Stop at the line containing "- Схід. Як пропаганда": write out every line from the beginning of the entries up to and including it, minus the pictures.

TASK MATERIAL:
:::::

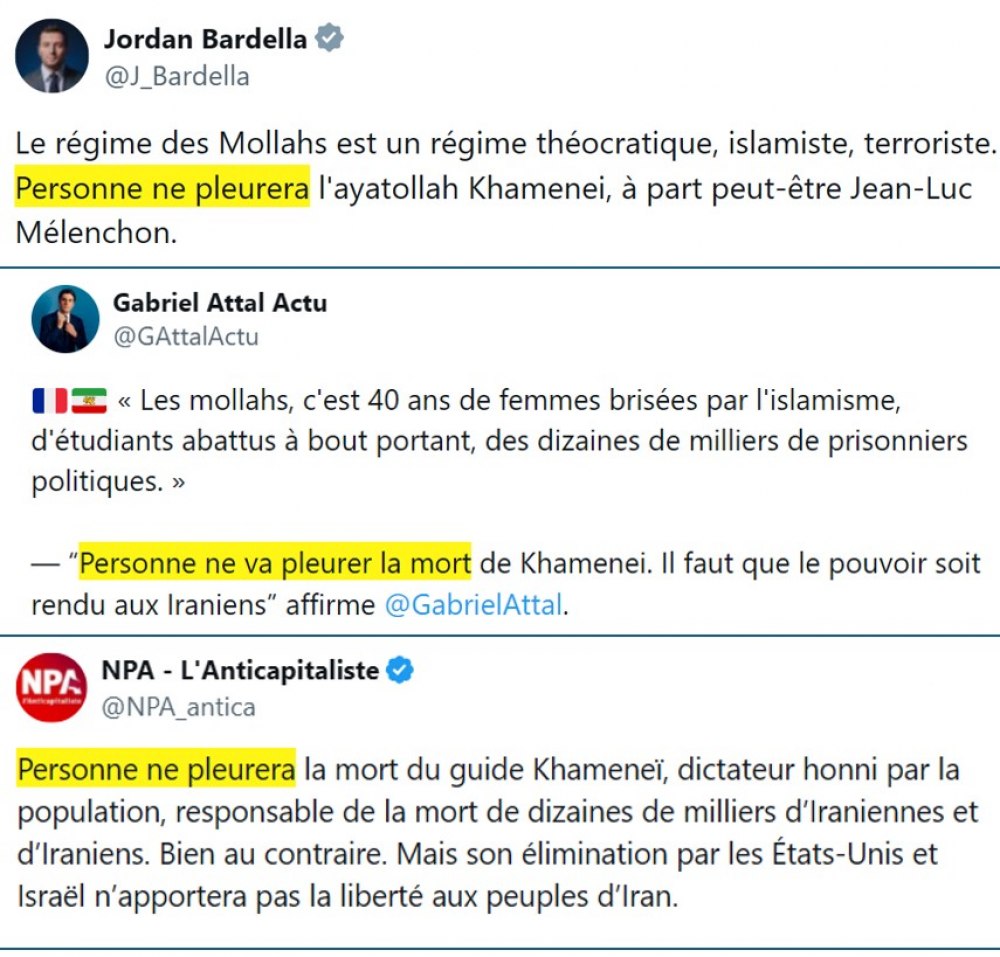 La formule la plus martelée était sans doute la suivante : « personne ne pleurera Khamenei » (notons encore l’emploi du registre émotionnel pour toute analyse).
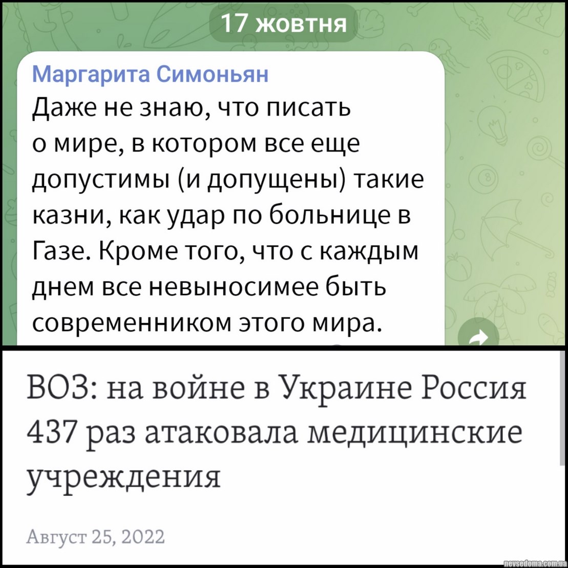 - Схід. Як пропаганда вкинула про удар по лікарні і чи то 500, чи то 800 трупів. Виявилося, що вибух був на парковці, вирви немає, жодних серйозних пошкоджень, окрім згорілих авто. Але ошуканих тепер не зупинити та не переконати.
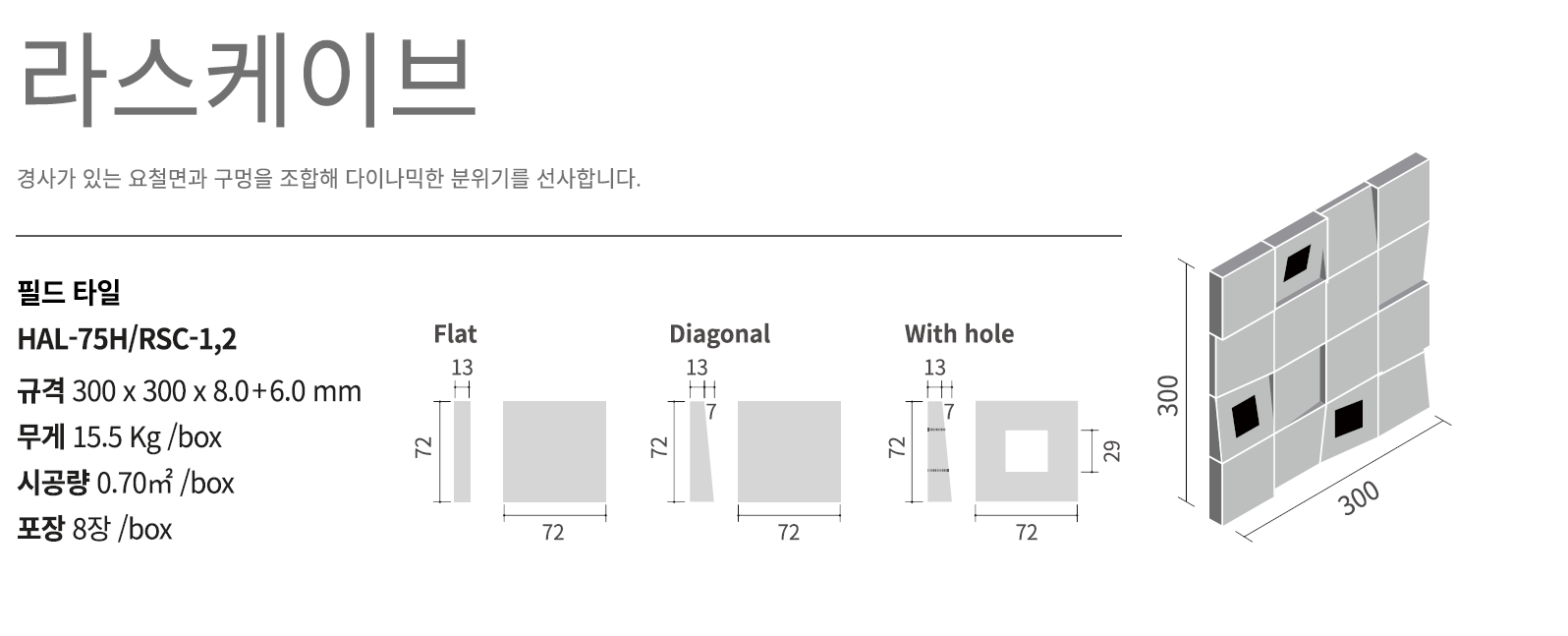 빛의 흐름에 따라 연출되는 다양한 분위기. 경사가 있는 요철면과 구멍을 조합해 다이나믹한 분위기를 선사합니다. [이 게시물은 이화적벽돌님에 의해 2023-04-03 09:47:55 타일벽돌에서 이동 됨] [이 게시물은 이화적벽돌님에 의해 2023-04-03 09:49:23 바닥벽돌에서 이동 됨]
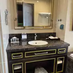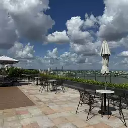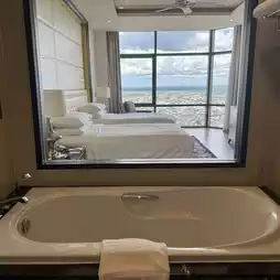 There's a swimming pool, pool bar, Saravan restaurant, and club lounge on the 6th floor, and a fitness center and spa on the 7th floor. The pool is small compared to its size, and there are no cabanas, only sunbeds, so sunglasses are essential because of the direct sunlight.
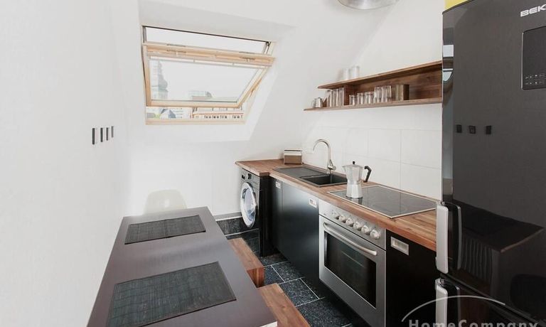 Renoviert und sauber, moderner Backofen/Ceranfeld, Waschmaschine/Waschtrockner in der Wohnung, helles Bad mit Wanne und Dusche. Umliegend sind diverse Geschäfte an Rande der Innenstadt, Restaurants und ein REWE, alles in ein paar Minuten zu Fuss zu erreichen. Parkmöglichkeiten im umliegenden Wohnviertel.
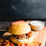 Burger Buns aufschneiden und die Innenflächen in Pfanne, auf dem Grill oder einem Toaster anrösten. Auf das Unterteil den Dip verteilen, den Patty darauf geben und dann mit den geschmorten Zwiebeln und der Paprika belegen.
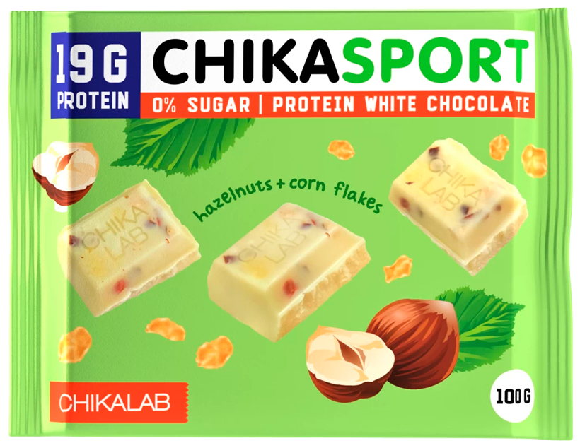 Вкусный молочный шоколад с высоким содержанием белка. Сахара в шоколаде Chikalab нет. Вместо него в продукции в качестве подсластителя используются кукурузное волокно и сукралоза. Кукурузное волокно - это пищевое волокно - сладкая клетчатка, которая укрепляет кости.
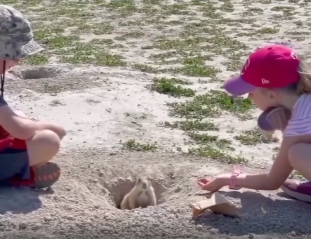 This sneaky gopher had a plan to outsmart the two kids trying to coax him with a snack.
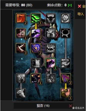 在WLK版本中,狡诈系的宠物宝宝都是比较适合PVP的,比如跃迁兽,螃蟹等。推荐加点天赋如下图。
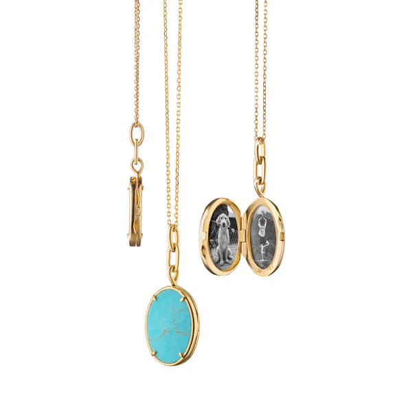 Meet "Elle". Slim, fresh, and modern with a turquoise stone front and streamlined side profile that is barely there. It's the locket you will never take off.
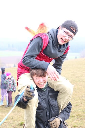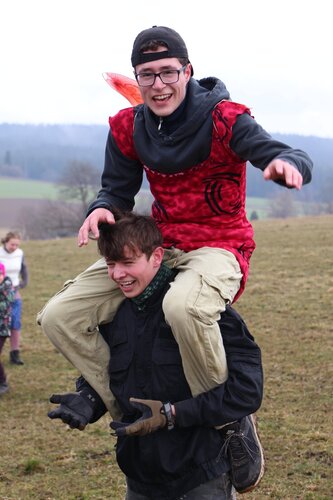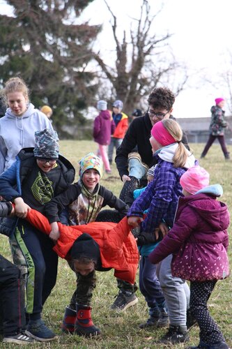 Další den ráno, po rozcvičce a snídani ve spacákách, jsme se ještě společně vydali do kostela. Poté se děti vydaly dát měsíc hvězdáři, kterého znaly čarodějnice. Po společných hrách – buldoci pro odvážnější a hopčí skok pro ty méně zapálené do boje – hvězdář vrátil měsíc zpět na oblohu.
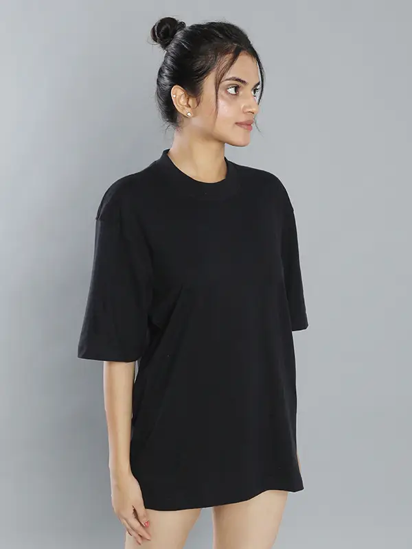 - Design: Experience ultimate comfort and style with our Oversized Black Plain T-shirt, a modern essential made from soft, breathable cotton for versatile, effortless cool.
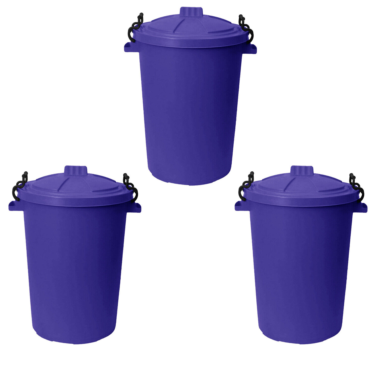 [Set of 3] 50L Heavy Duty Plastic Dustbins Home Garden Refuse Bins - Purple
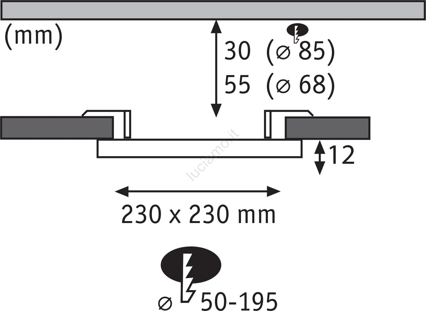 Paulmann 79967 - Faretto ad incasso dimmerabile per bagno AREO, LED 16W, IP44, 230V, 23x23 cm, nero
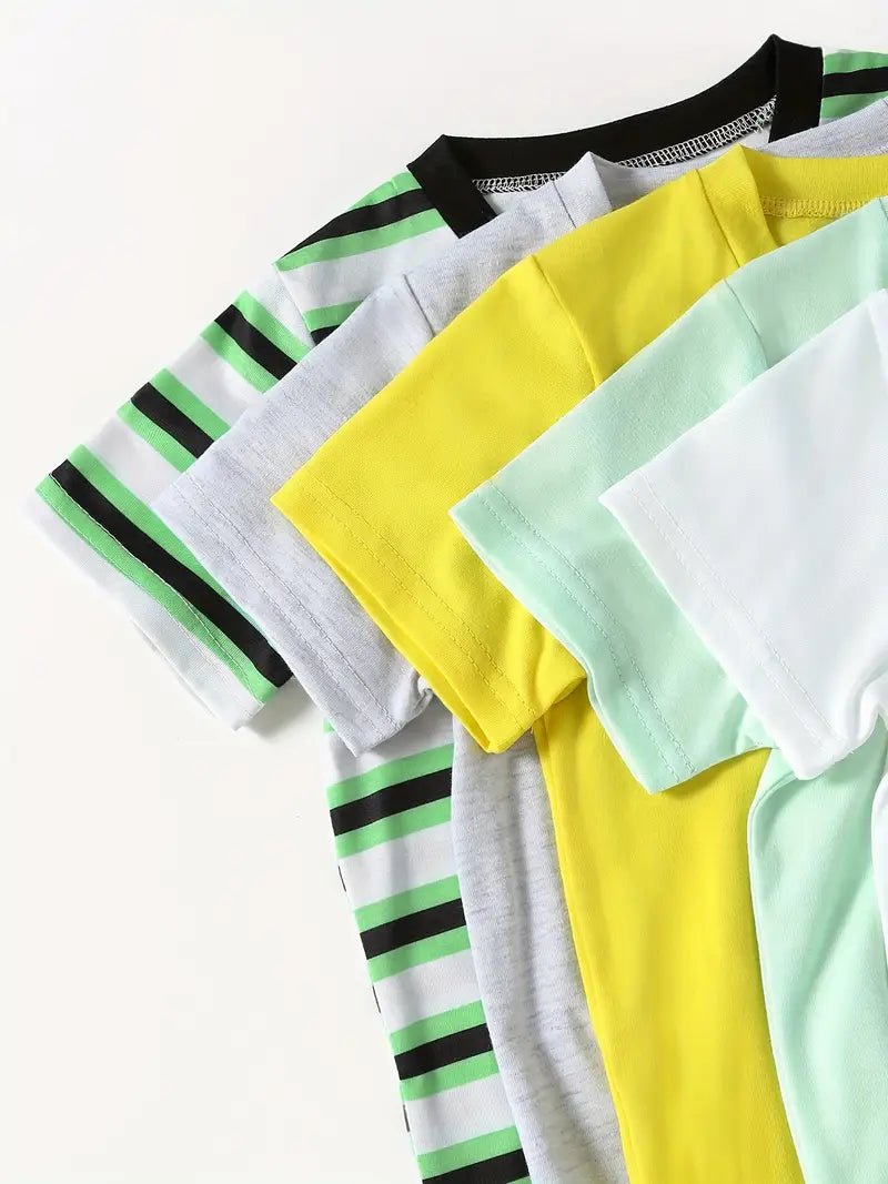 Men's Short Sleeve Summer T-Shirts Pack of 5 Polyester Blend Casual Running Solid Striped

:::::

ANSWER TO THE EXERCISE:
 La formule la plus martelée était sans doute la suivante : « personne ne pleurera Khamenei » (notons encore l’emploi du registre émotionnel pour toute analyse).
 - Схід. Як пропаганда вкинула про удар по лікарні і чи то 500, чи то 800 трупів. Виявилося, що вибух був на парковці, вирви немає, жодних серйозних пошкоджень, окрім згорілих авто. Але ошуканих тепер не зупинити та не переконати.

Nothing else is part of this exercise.